A similar message comes from Whiting Petroleum, the biggest producer in North Dakota’s Bakken formation. Initially, the company announced a stop of production at the end of this month, but Chairman and CEO Jim Volker now considers completing some of these wells, if oil reaches 40 to 45 USD/barrel. This is somewhat different than just a few months ago, when Volker said it might deploy more rigs if US-crude hit 70 USD/barrel.

The second message to traditional oil producers – incl Russia – is how the ability to cut costs and the remarkable efficiency gains have turned the US-producers – once seen by Opec as a marginal, high cost producer – into a major player and a thorn in the side of traditional producers like Saudi Arabia or Russia.

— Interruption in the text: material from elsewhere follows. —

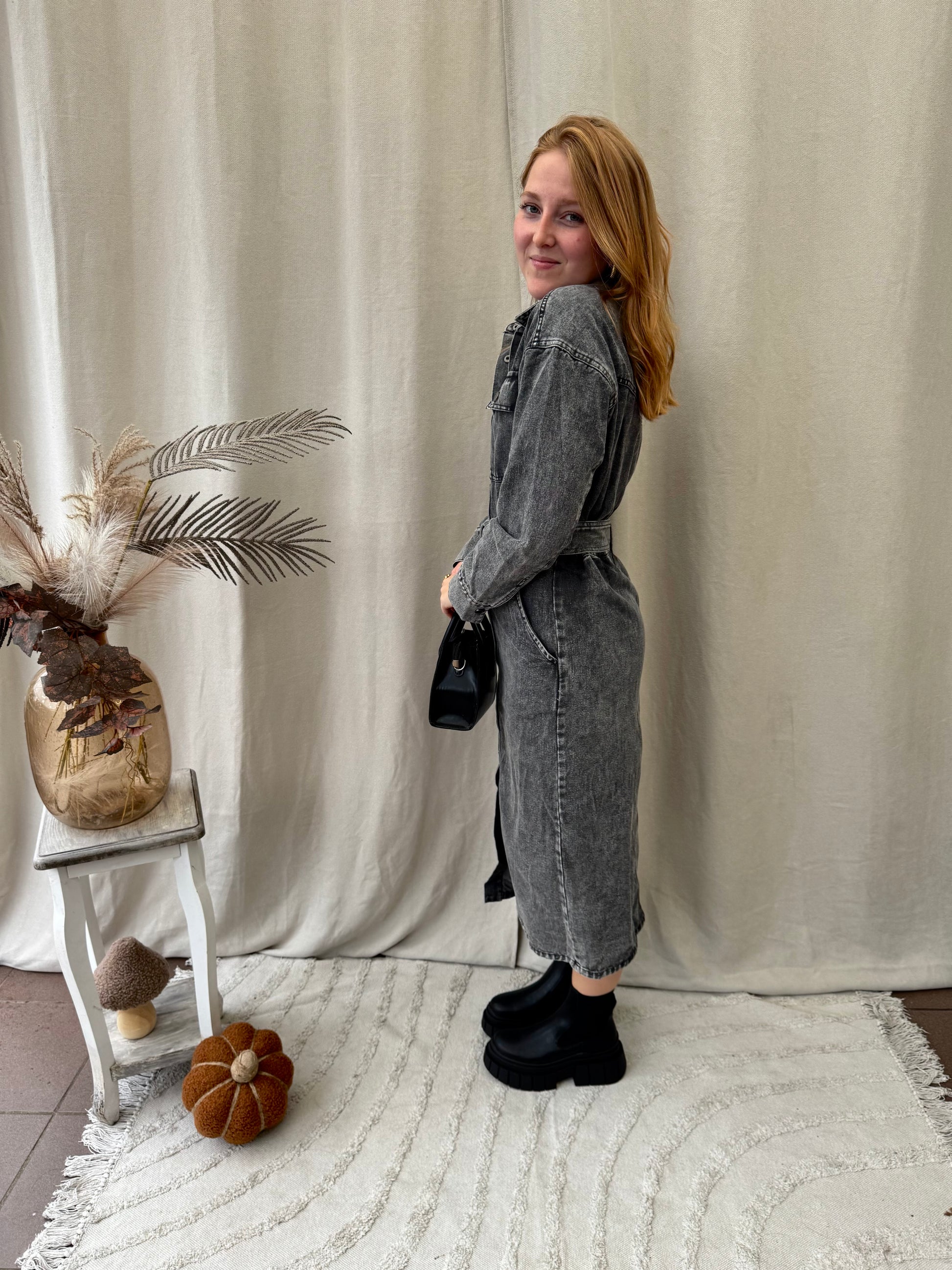 De missy dress is lang en aan de taille getailleerd. De riem is inbegrepen. De sluiting van de jurk is met knopen.

As an example, Hess Corp., which pumps one of every 15 barrels of North Dakota crude, cut the costs by 28% last year. However, resuming drilling quickly may prove hard after firms laid off thousands of workers. According to CEO John Hess said, the producers might need up to a year to stop or restart production.

Maybe this restart won’t be necessary at all. To the horror of Opec, Russia or Mexico (who’s state-owned oil giant Pemex or ‘Petroleos Mexicanos’ lost more than 30 billion USD in 2015), it’s anything but sure, that oil-prices will reach levels clearly above 40 USD/barrel any time soon.

The oil-analysts at Morgan Stanley and ANZ (Australia and New Zealand Banking Group) for instance expect average prices in the low 30 USD/barrel for the full year of 2016.

And there is also the ‘offshore-front’ that could keep prices low. The US-government will open nearly 45 million acres along the Gulf-Coast to oil and natural gas development later this month.

Unlike the onshore production, which has been tapering off as oil prices decline, offshore production in the Gulf – off the coast of New Orleans – is on its way to setting a record. The projected daily-production will average 1,6 million barrels in 2016 and 1,8 million in 2017.

The main price-driver, the oversupply, will therefore not go away very soon and it’s also affecting the shipping of oil.

Desperate producers started to send ships carrying oil and oil products from the Middle East on longer routes to Europe. The oil tankers sometimes skip the shortest route via the Suez Canal and set sail for the long journey all around Africa (see map), hoping that demand in oil will spike while ships are at sea for 40 days instead of 20 days on the Suez-route.

It’s seems, this strategy is failing too. Right now, up to 50 fully loaded oil tankers are waiting to unload their cargo into the ‘Euro Tank Terminal’ storage hub in Rotterdam, Europe’s busiest port.

Middle-East oil-producers now send some tankers on the long way hoping prices will rise till the cargo arrives in Western Europe.


*Info-box: Fracking


  • ‘Fracking’ is short for ‘High-volume hydraulic fracturing’ – a well-stimulation technique in which rock is fractured by a pressurized liquid. The process involves the high-pressure injection of ‘fracking fluid’, primarily water, containing sand to create cracks in the deep-rock formations through which natural gas and petroleum will flow more freely. The birthplace of the US-shale boom is the Bakken Formation, a 200’000 square mile region of North Dakota, Montana and Saskatchewan. It is estimated to hold over4 billion barrels of oil. Another important fracking site is Texas while the state of New York has banned fracking for environmental- and public health issues.